Crude oil is edging lower in Asian trading, erasing some of Friday’s dramatic gains. The commodity has demonstrated a hyper-sensitivity to news flow related to geopolitical turmoil, which may leave it in store for further volatility over the week ahead. Meanwhile, gold and silver are in a precarious position as the latest flare-up in regional tensions has proven insufficient to support the precious metals.

Geopolitical Developments Catalyze Commodity Volatility

Incoming news flow surrounding the ongoing conflicts in Eastern Europe and Iraq may see crude oil continue its wild price swings.
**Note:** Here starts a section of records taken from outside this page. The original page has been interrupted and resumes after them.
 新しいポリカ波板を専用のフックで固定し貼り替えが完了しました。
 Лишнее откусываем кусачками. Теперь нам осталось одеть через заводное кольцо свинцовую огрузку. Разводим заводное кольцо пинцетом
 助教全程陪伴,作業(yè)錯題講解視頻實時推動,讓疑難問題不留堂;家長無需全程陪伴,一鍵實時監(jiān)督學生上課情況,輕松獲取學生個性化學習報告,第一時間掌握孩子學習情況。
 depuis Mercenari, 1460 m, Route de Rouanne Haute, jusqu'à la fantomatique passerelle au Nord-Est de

The WTI benchmark soared on Friday to post its largest daily percentage gain in more than a month as newswires reported escalating tensions in Ukraine and the Middle East.
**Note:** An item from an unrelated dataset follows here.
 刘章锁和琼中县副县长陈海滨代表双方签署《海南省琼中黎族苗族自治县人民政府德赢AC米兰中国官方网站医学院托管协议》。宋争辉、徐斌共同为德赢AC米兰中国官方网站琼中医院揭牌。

Speculation over crude supply disruptions from Russian and Iraqi holds the potential to spark fear-driven buying of WTI and Brent. Palladium has also likely benefited from concerns over supply from Russia (the world’s largest producer of the metal). The commodity has climbed to its highest level in more than 13 years after rallying for eight consecutive trading days.

However, looking past the headlines production impediments related to the ongoing sagas have proven minimal at this stage (if not non-existent). This suggests that any related risk-premium built into prices could quickly evaporate, leaving the commodity vulnerable to declines.

Haven Demand Deteriorates

The latest geopolitical flare-ups have proven insufficient to bolster safe-haven demand for gold and silver. The yellow metal has continued its descent during the Asian session today, extending Friday’s decline of 0.67 percent.

Ongoing uncertainty surrounding Eastern Europe could slow the precious metals fall. However, without a material escalation it remains to be seen what could cause investors to return to gold and sustain a recovery for the precious metal.

The weekly outlook for gold and the US Dollar are available here.

CRUDE OIL TECHNICAL ANALYSIS

Downside risks remain for crude with the recent recovery being viewed as a corrective bounce at this stage, rather than the beginning of a reversal. A sustained downtrend alongside negative momentum (signaled by the ROC) suggests the potential for further weakness over the coming weeks. A daily close above the descending trendline and 98.90 barrier would be required to signal a shift in sentiment to the upside and to mark a small base.

Crude Oil: Recovery Seen As Corrective Within Downtrend Context

Crude Oil Braces For Further Swings, Gold Suffers As Haven Demand Ebbs

Daily Chart - Created Using FXCM Marketscope 2.0

GOLD TECHNICAL ANALYSIS

Gold has edged out a marginal close below the 1,305 floor that had kept the precious metal supported over recent weeks. While intraday declines are being witnessed a more convincing break is required to materially shift the risks to the downside. Sustained weakness would likely be met by buying interest near the July lows at 1,280. A climb back within the 1,305 to 1,320 trading band would suggest a renewed range-bound environment.

The DailyFX SpeculativeSentimentIndex suggests a bearish bias for gold based on trader positioning.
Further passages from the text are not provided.